__ABOUT THIS TASK__:
Since the records include pictures, leave those out while you reproduce exactly and only the lines from the one containing "Save your Tag" through the one containing "Cumhurbaşkanı Recep Tayyip", inclusive.
------------------------------------------------------------
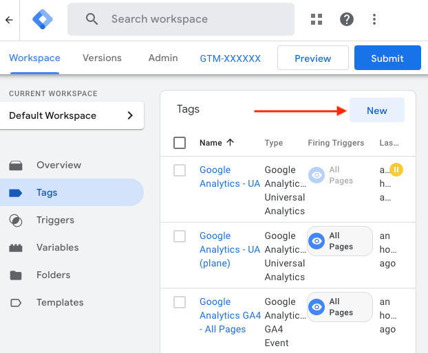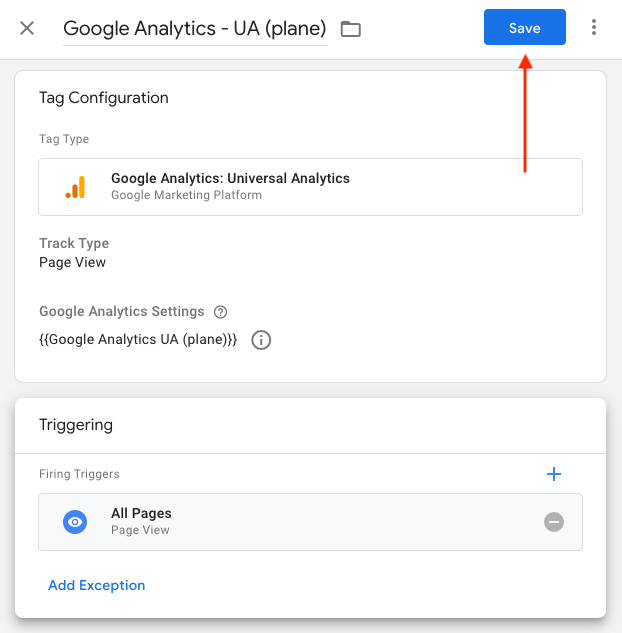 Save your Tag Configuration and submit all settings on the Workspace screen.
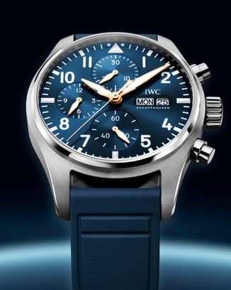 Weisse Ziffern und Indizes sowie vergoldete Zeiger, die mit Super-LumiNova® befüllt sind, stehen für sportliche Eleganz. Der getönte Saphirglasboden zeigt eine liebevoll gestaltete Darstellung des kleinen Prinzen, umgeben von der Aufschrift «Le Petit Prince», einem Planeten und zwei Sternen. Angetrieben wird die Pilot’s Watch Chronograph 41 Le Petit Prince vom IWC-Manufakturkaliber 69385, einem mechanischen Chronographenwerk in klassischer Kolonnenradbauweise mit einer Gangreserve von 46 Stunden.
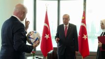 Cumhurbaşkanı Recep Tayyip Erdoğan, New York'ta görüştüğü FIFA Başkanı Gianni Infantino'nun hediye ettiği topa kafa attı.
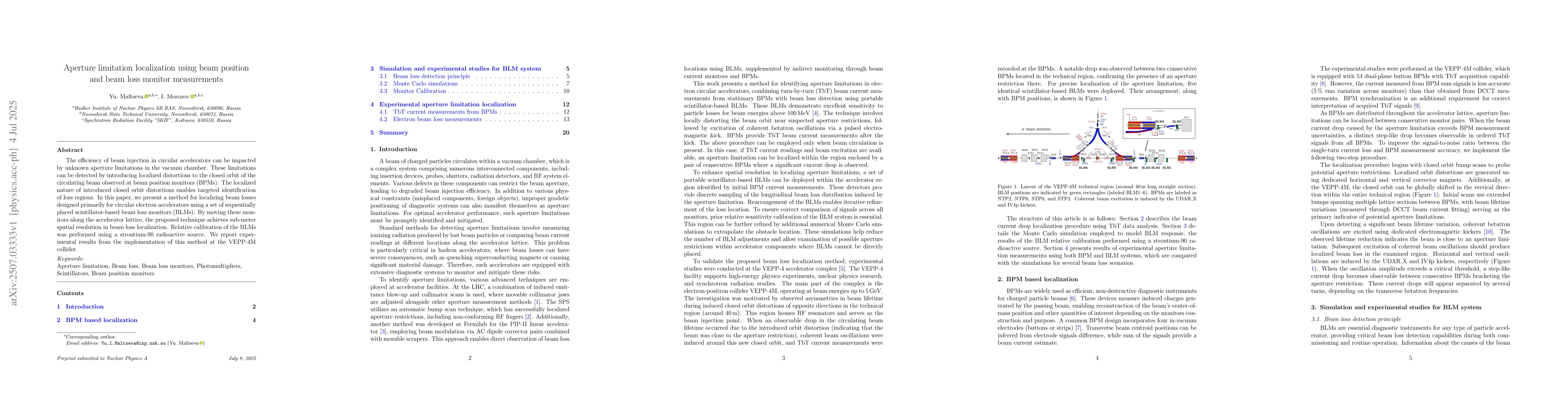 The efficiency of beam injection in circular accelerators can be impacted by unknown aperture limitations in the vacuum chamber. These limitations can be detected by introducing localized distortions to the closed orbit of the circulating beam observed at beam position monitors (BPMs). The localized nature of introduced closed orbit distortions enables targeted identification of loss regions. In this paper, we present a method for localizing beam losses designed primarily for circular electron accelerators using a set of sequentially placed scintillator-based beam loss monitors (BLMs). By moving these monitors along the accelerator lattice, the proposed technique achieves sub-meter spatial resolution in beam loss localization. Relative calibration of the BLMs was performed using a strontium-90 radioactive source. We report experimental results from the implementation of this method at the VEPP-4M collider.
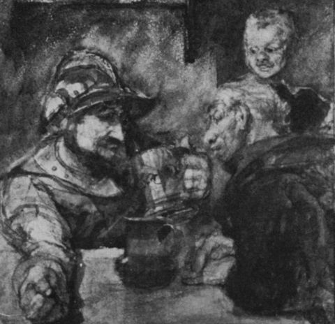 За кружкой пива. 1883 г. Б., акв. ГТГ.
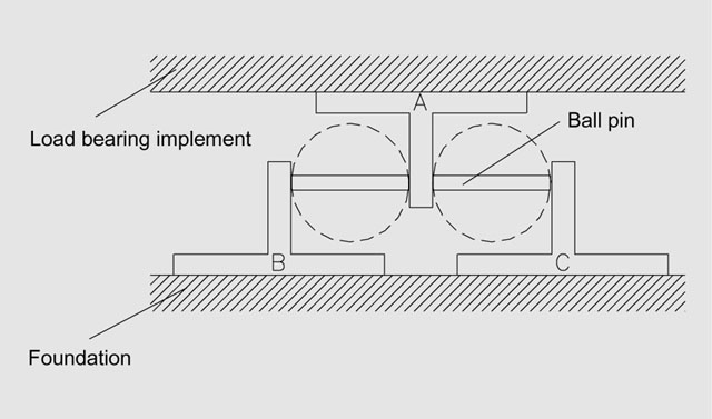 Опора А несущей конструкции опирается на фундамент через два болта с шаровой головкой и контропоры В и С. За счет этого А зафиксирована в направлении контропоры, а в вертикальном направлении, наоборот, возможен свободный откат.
------------------------------------------------------------
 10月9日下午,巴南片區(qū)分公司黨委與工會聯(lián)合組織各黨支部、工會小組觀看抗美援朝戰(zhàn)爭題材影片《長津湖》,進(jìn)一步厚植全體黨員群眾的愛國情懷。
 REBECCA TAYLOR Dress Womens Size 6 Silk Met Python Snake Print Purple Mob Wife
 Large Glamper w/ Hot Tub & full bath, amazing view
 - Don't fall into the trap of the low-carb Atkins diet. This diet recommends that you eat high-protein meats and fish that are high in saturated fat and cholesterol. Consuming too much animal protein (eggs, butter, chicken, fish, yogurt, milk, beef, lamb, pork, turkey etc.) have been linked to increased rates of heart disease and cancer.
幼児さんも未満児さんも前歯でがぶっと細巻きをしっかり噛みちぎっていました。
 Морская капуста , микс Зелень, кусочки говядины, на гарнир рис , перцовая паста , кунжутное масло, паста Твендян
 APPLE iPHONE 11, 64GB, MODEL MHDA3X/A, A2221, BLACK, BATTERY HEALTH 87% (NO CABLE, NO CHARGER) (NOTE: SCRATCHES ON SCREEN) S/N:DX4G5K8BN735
------------------------------------------------------------
__OUTPUT FOR THIS EXERCISE__:
 Save your Tag Configuration and submit all settings on the Workspace screen.
 Weisse Ziffern und Indizes sowie vergoldete Zeiger, die mit Super-LumiNova® befüllt sind, stehen für sportliche Eleganz. Der getönte Saphirglasboden zeigt eine liebevoll gestaltete Darstellung des kleinen Prinzen, umgeben von der Aufschrift «Le Petit Prince», einem Planeten und zwei Sternen. Angetrieben wird die Pilot’s Watch Chronograph 41 Le Petit Prince vom IWC-Manufakturkaliber 69385, einem mechanischen Chronographenwerk in klassischer Kolonnenradbauweise mit einer Gangreserve von 46 Stunden.
 Cumhurbaşkanı Recep Tayyip Erdoğan, New York'ta görüştüğü FIFA Başkanı Gianni Infantino'nun hediye ettiği topa kafa attı.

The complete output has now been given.